I'm having some trouble splitting the aggregation step of a group-by operation across multiple cores. I have the following working code, and would like to apply it over several processors:
import pandas as pd
import numpy as np
from multiprocessing import Pool, cpu_count
mydf = pd.DataFrame({'v1':[1,2,3,4]*6,'v2':['a','b','c']*8,'v3':np.arange(20,44)})
Which I can then apply the following GroupBy operation: (the step I wish to do in parallel)
pd.groupby(mydf,by=['v1','v2']).apply(lambda x: np.percentile(x['v3'],[20,30]))
yielding the series:
1 a [22.4, 23.6]
b [26.4, 27.6]
c [30.4, 31.6]
2 a [31.4, 32.6]
b [23.4, 24.6]
c [27.4, 28.6]
I Tried the following, with reference to:parallel groupby
def applyParallel(dfGrouped, func):
with Pool(1) as p:
ret_list = p.map(func, [group for name, group in dfGrouped])
return pd.concat(ret_list)
def myfunc(df):
df['pct1'] = df.loc[:,['v3']].apply(np.percentile,args=([20],))

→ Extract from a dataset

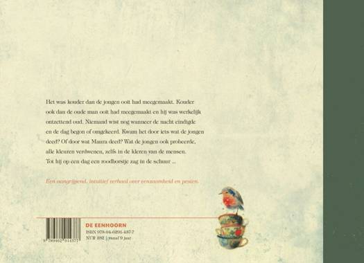 Een bijzonder verhaal boordevol symboliek en verbeeldingskracht. Met schitterende, gedetailleerde illustraties van Alain Verster. Vanaf 9 jaar. Aangrijpend, intuïtief verhaal over eenzaam zijn en pesten. Het was kouder dan de jongen ooit had meegemaakt. Kouder ook dan de oude man ooit had meegemaakt en hij was werkelijk ontzettend oud. Niemand wist nog wanneer de nacht eindigde en de dag begon of omgekeerd. Kwam het door iets wat de jongen deed? Of door wat Maura deed? Wat de jongen ook probeerde, alle kleuren verdwenen, zelfs in de kleren van de mensen. Tot hij op een dag een roodborstje zag in de schuur ...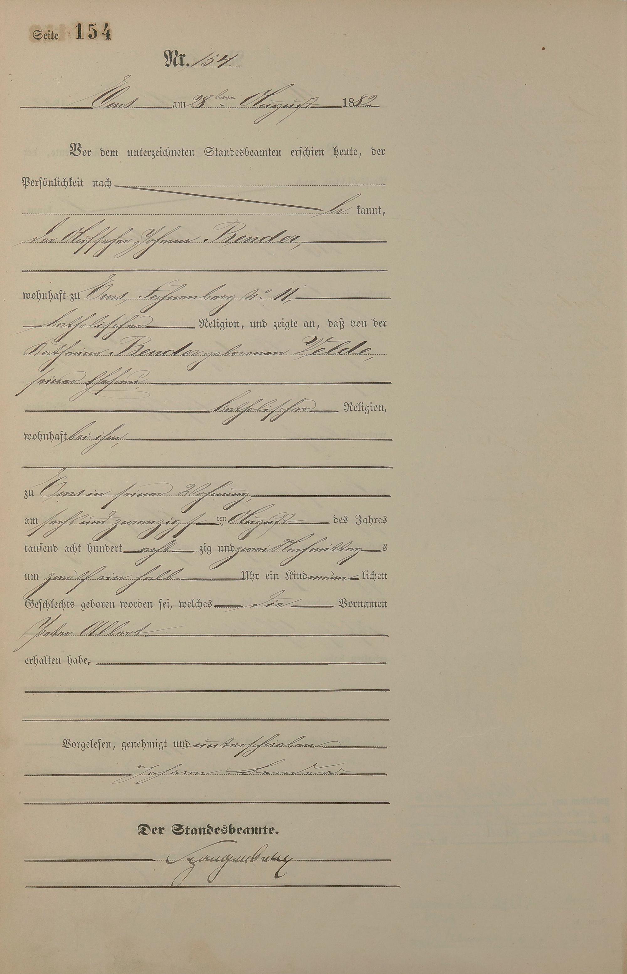 Geburtsregister 1882

df['pct2'] = df.loc[:,['v3']].apply(np.percentile,args=([80],))
return(df)
grouped = pd.groupby(mydf,by=['v1','v2'])
applyParallel(grouped,myfunc)
But I'm losing the index structure and getting duplicates. I could probably solve this step with a further group by operation, but I think it shouldn't be too difficult to avoid it entirely. Any suggestions?